* [Task details] Look through the records below for the line with "En primer lugar, tras". Return that line and each one after it up to and including the line with "Folinic acid (also", exactly.

* [Study material]

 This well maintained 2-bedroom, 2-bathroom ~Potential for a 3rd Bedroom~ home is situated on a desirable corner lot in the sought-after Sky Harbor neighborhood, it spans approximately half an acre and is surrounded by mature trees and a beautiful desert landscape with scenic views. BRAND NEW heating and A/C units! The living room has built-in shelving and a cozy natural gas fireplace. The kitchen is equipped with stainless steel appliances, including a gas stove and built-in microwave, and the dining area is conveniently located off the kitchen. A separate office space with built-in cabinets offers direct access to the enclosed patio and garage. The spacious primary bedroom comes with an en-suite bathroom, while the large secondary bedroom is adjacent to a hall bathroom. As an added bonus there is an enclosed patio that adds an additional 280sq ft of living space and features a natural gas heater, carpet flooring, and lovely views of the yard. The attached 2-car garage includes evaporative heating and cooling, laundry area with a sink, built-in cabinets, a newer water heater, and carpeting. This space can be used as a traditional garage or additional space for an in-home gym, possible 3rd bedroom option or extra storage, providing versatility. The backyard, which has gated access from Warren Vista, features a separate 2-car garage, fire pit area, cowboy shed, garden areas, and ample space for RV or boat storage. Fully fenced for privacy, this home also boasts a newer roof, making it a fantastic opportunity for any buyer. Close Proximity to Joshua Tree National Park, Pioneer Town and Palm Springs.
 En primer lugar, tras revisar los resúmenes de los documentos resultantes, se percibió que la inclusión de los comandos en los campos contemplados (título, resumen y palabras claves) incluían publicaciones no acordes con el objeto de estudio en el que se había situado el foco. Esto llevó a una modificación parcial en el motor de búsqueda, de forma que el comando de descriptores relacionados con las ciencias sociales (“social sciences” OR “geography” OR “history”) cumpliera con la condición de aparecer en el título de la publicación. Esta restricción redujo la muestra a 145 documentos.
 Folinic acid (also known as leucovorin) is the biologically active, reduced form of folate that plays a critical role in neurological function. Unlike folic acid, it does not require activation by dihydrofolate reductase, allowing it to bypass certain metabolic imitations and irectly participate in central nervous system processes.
---
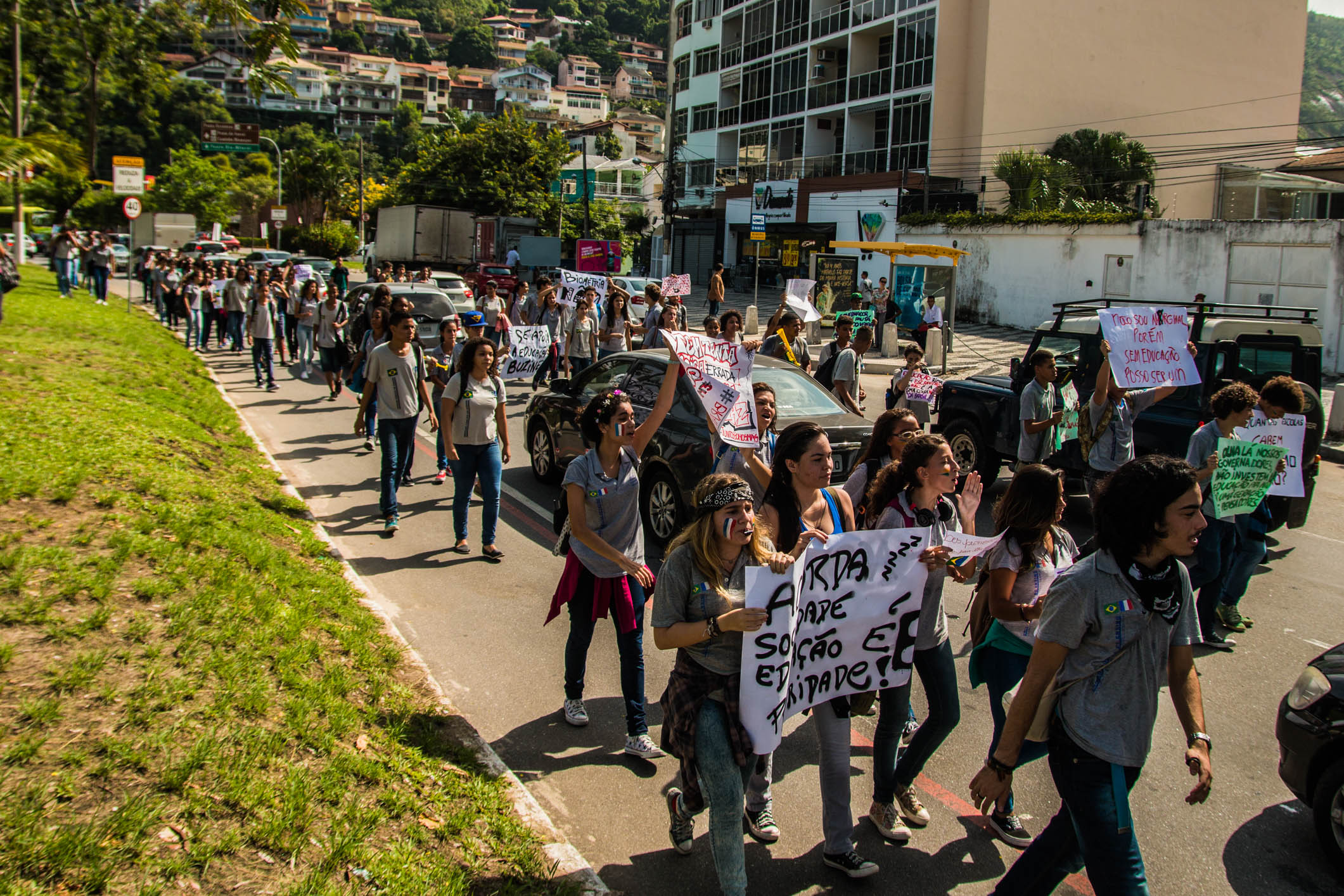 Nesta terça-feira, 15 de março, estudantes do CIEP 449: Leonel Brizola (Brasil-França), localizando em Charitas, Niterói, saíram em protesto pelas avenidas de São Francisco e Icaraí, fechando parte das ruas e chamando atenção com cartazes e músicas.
--
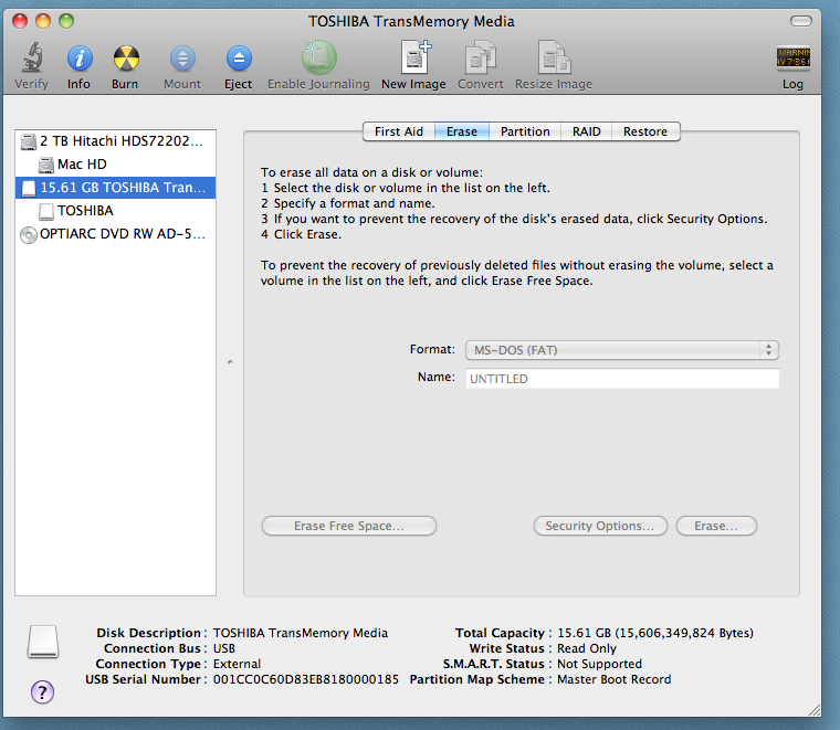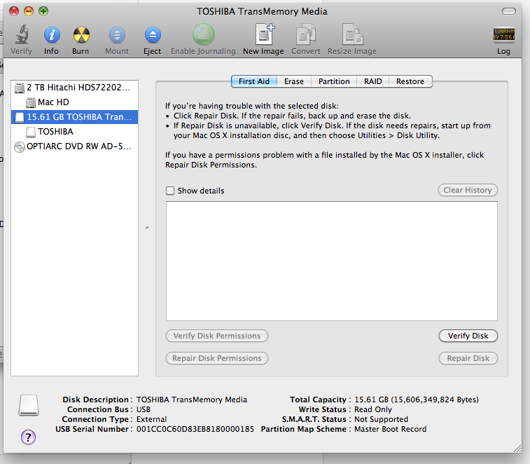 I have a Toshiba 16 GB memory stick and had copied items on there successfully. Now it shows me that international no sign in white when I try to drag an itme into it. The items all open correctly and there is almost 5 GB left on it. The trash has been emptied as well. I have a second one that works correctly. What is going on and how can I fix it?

* [The completed task]
 En primer lugar, tras revisar los resúmenes de los documentos resultantes, se percibió que la inclusión de los comandos en los campos contemplados (título, resumen y palabras claves) incluían publicaciones no acordes con el objeto de estudio en el que se había situado el foco. Esto llevó a una modificación parcial en el motor de búsqueda, de forma que el comando de descriptores relacionados con las ciencias sociales (“social sciences” OR “geography” OR “history”) cumpliera con la condición de aparecer en el título de la publicación. Esta restricción redujo la muestra a 145 documentos.
 Folinic acid (also known as leucovorin) is the biologically active, reduced form of folate that plays a critical role in neurological function. Unlike folic acid, it does not require activation by dihydrofolate reductase, allowing it to bypass certain metabolic imitations and irectly participate in central nervous system processes.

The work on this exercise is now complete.